Sono tornata indietro nei miei ricordi di bambina, quando con mia madre mi sedevo a scrivere la lettera a Santa Lucia che nella notte tra il 12 e il 13 dicembre sarebbe passata da casa nostra con il suo asinello e mi avrebbe lasciato ciò che avevo tanto desiderato. Era quasi sempre un giocattolo – perché da bambina non vuoi maglioni con strani animali – qualcosa con cui passare il tempo e fantasticare, qualcosa che davo per scontato mia madre non potesse comprarmi. Custodivo una lista di desideri per quel momento speciale, li immaginavo uno per uno, li vedevo nella mia mente, li desideravo talmente tanto che non poteva non avverarsi.

Adesso è tutto un po’ diverso, questo mondo è diverso, questo tempo soprattutto. Ho fatto una lista anche per me – certo, una letterina è tutta un’altra cosa, c’è molta più magia – un elenco di desideri e l’ho salvato sul pc, senza guardarlo più per giorni. E ogni giorno mi sono domandata se quelle cose fossero davvero ciò che desideravo, se di tutte quelle cose io avessi davvero bisogno.

Di cosa ho realmente bisogno per questo Natale? Qual è la mia wish list?

Ho preso la mia lista e tutte le cose che avevo elencato erano cose materiali, prevalentemente abbigliamento e prodotti make-up, tutte cose consumabili che un domani non avrò più o che ad un certo punto finiranno chissà dove perché non ci sarà nessuno a interessarsene quando io non ci sarò più. Sono stata qualche minuto a fissare lo schermo frugando nella mia testa alla ricerca di una risposta: c’è qualcosa che possiamo desiderare e che non dovremo mai buttare? Qualcosa che desideriamo avere sempre con noi anche quando la possediamo già?

Quest’anno ho cercato di buttare di meno e di aggiustare di più, di acquistare di meno, in modo più consapevole e di aver più cura e attenzione delle mie cose, di chiedere meno e di ringraziare di più, a parole e nei miei gesti quotidiani.

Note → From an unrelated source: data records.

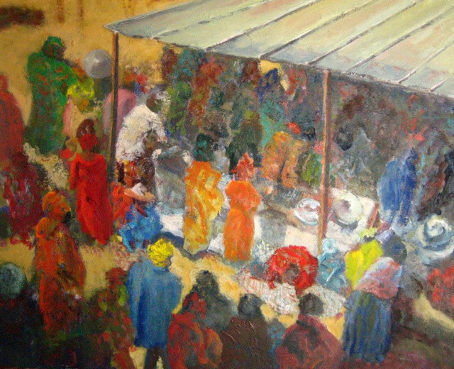 Mercado de pescado en Mopti, óleo 81x100 cm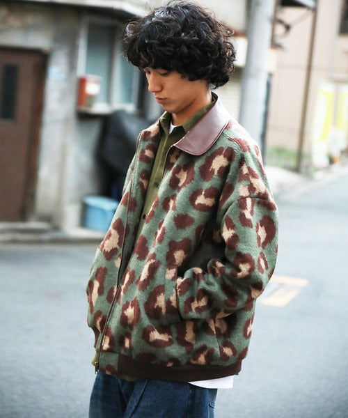 HOOK -original- レトロ古着風 PU襟レオパード調メルトン風ジャケット
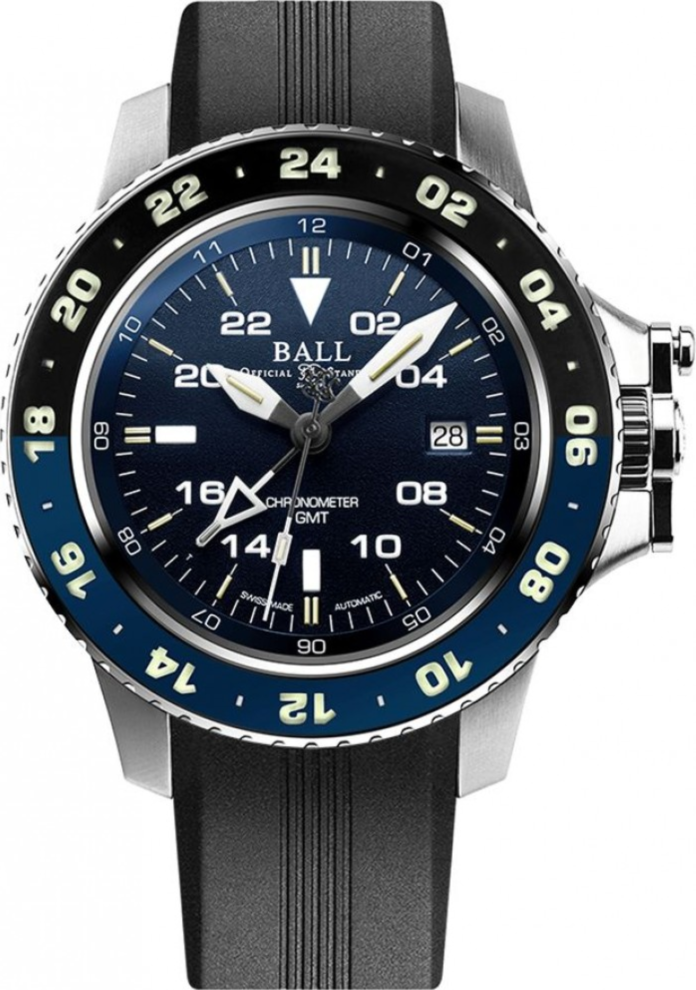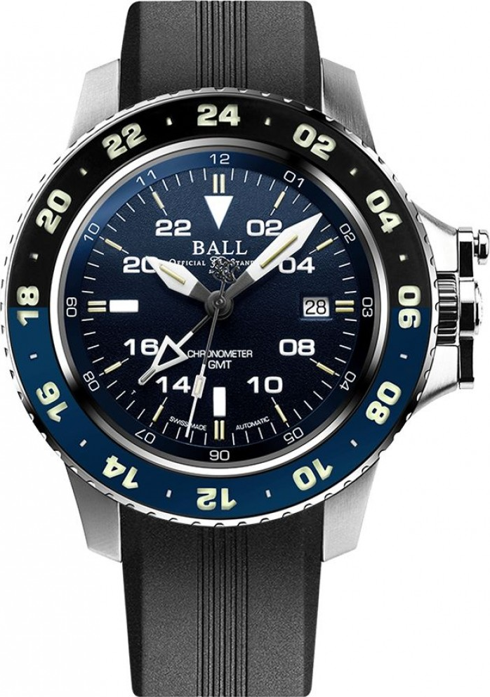 Funkce:Čas, datum, GMT (druhý světový čas), oboustranně otočná luminisceční luneta (číslice/indexy na lunetě v noci svítí), strojek Ball calibre RR1201 (základ swiss Eta 2892) - rezerva chodu 42 hodin, automatický nátah (pohybem ruky) + ruční nátah (hodinky lze natáhnout i mechanicky - ručně), 28.800 polokmitů setrvačky za hodinu, COSC certifikát přesnosti strojku - přesnost chodu 0 - 3 vteřiny/den, 21 kamenových uložení, patentovaný systém ochrany korunky, Shock resistance - odolnost nárazu 7 500 Gs = možný pád hodinek až z jednoho a půl metru bez poškození strojku (hodinky jsou tímto zároveň odolné nárazům identické síly), odolnost vůči magnetickému poli 4 800 A/m (takto označené hodinky už se označují jako antimagnetické, odolávají běžnému magnetickému poli). V číselníku jsou indexy a ručičky plněny mikroampulkami se svítícím plynem, který má schopnost svítit nonstop 25 let. Díky tomu uvidíte kdykoliv a kdekoliv ve tmě správný čas. Kónický náramek z nerezové oceli s patentovanou skládacím sponou a prodlužovacím systémem nebo gumovým páskem se standardní sponou
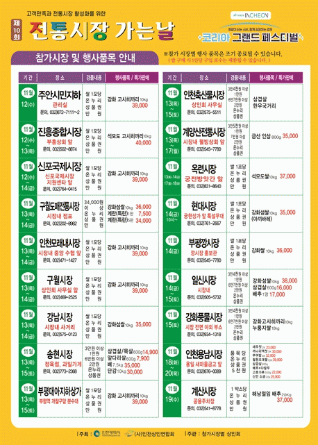 À̹ø Çà»ç´Â (»ç)ÀÎõ»óÀο¬ÇÕȸ(ȸÀå ¼Àå¿)°¡ ÁÖÃÖÇϰí ÀÎõ±¤¿ª½Ã(½ÃÀå À¯Á¤º¹)°¡ ÈÄ¿øÇÏ¸ç ¡®ÀÎõ ¼¼ÀÏÆä½ºÅ¸¡¯ ½Ã±â¿¡ ¸ÂÃç °ü³» 18°³ ÀüÅë½ÃÀå¿¡¼ ÁøÇàµÈ´Ù.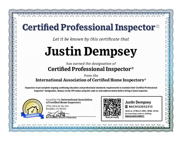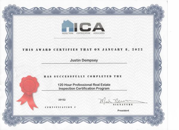 We have completed ICA's Inspector training program (120 Hours of Training) which far exceeds the state minimum (90 Hours of Training) to be eligible to receive state license.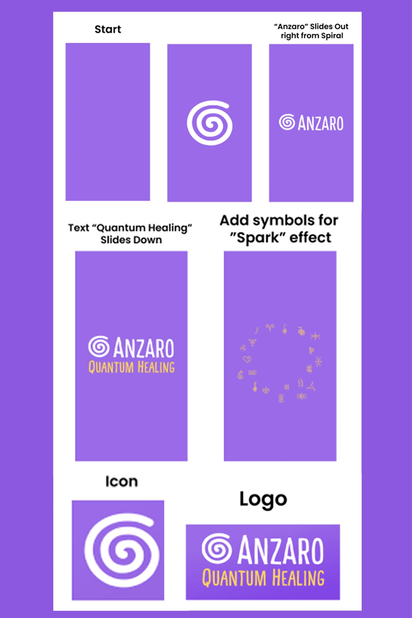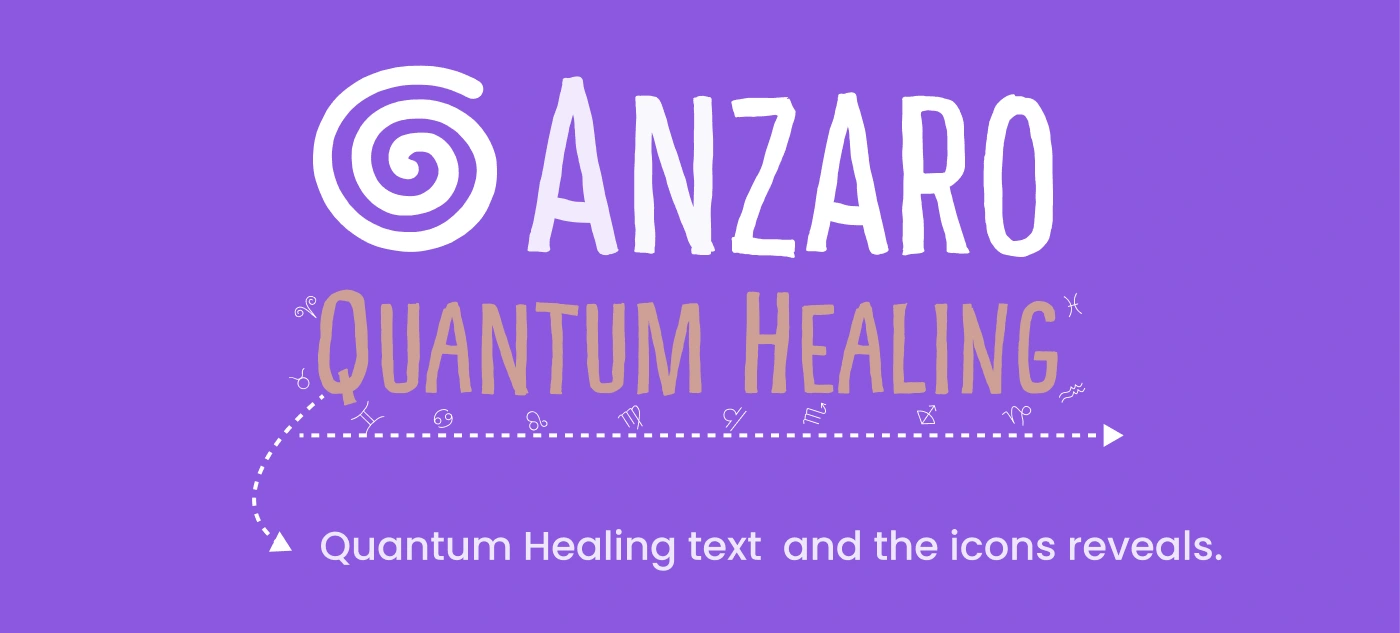 Below the Anzaro the Quantum Healing text reveals and the small symbols below the Quantum Healing reveal and fade out.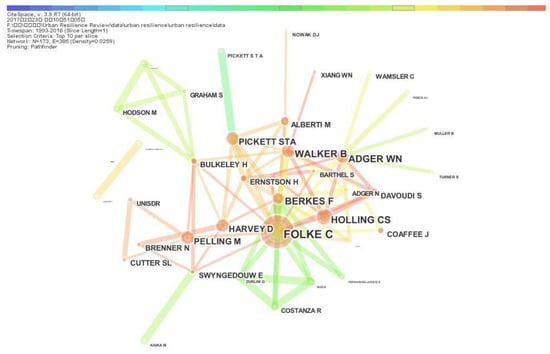 Author co-citation analysis is an efficient method to measure relationships and connections between authors and to describe mainstream, or at least the leading edge, in the collaborative structure of urban resilience research. In this section, we identify and analyze the evolutionary trends of authors whose scientific papers are cited in the same paper and community of science. Consider a co-citation network with multiple nodes, selecting the first ten tabs of the first slide as the node selection criteria in this section. The author co-citation network is shown in Figure 8, which contains 173 author nodes and 412 co-citation links. In author co-citation network, the size of each node reflects co-citation frequency between authors, and the link represents an indirect collaborative relationship between authors. Some scientific communities have significant co-citation relationships in author co-citation network.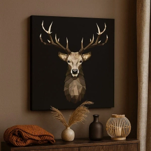 Cuadro sobre lienzo - Impresión de Imagen - Ciervo poligonal geométrico sobre fondo negro - 50x70cm - Ciervo cubista - Decoración de pared moderna para salón y dormitorio ARTTOR

Mi è sembrato di sentire che questo facesse di me una persona migliore e più ricca allo stesso tempo. Forse per questo credo che nessun regalo materiale possa sostituire tutto questo.

E’ stato ripensando a ciò che ho già e a ciò che non voglio più che ad un certo punto tutto è stato così evidente.

Per questo Natale ho solo 3 desideri: l’ebbrezza di una giornata passata a rilento per vivere e memorizzare ogni nanosecondo che spenderò con la mia famiglia, una vera buona notizia per noi donne e la neve, come nel più magico dei film.